___ GIVEN MATERIAL ___

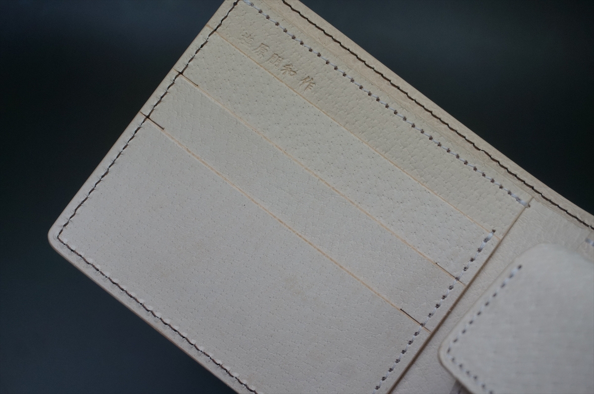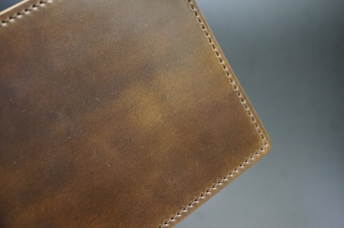 本体外側に、一度は所有してみたい憧れの素材として世界的に有名なホーウィン社製シェルコードバンを使用しました。
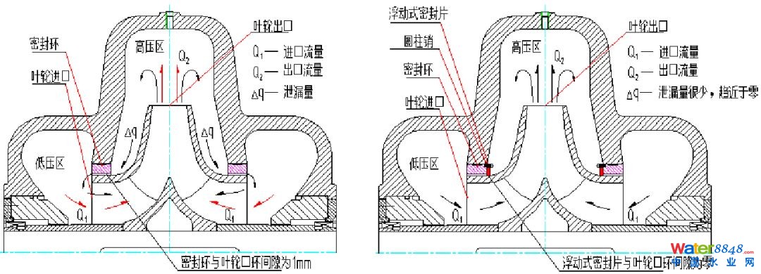 (1)緩解蝸殼內(nèi)的回流現(xiàn)象,減少容積損失;(2)可提升水泵運行效率3%~5%
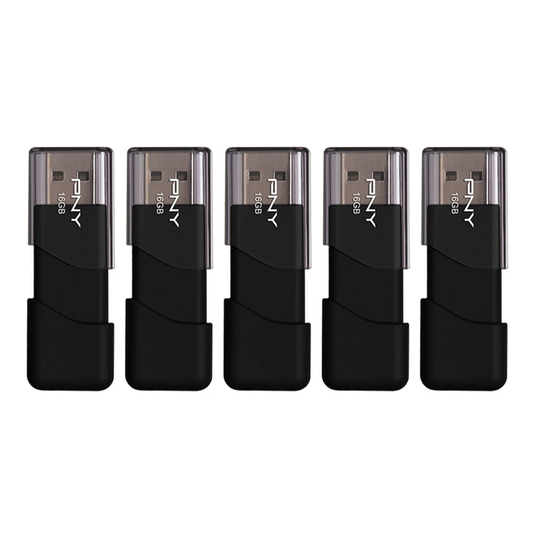 PNY Attache 3 USB 2.0 Flash Drives, 16GB, Black, Pack of 5 Flash Drives

___

## [PROBLEM]
Copy out the lines above in full and unaltered, apart from the pictures.

## [TASK RESPONSE]
 本体外側に、一度は所有してみたい憧れの素材として世界的に有名なホーウィン社製シェルコードバンを使用しました。
 (1)緩解蝸殼內(nèi)的回流現(xiàn)象,減少容積損失;(2)可提升水泵運行效率3%~5%
 PNY Attache 3 USB 2.0 Flash Drives, 16GB, Black, Pack of 5 Flash Drives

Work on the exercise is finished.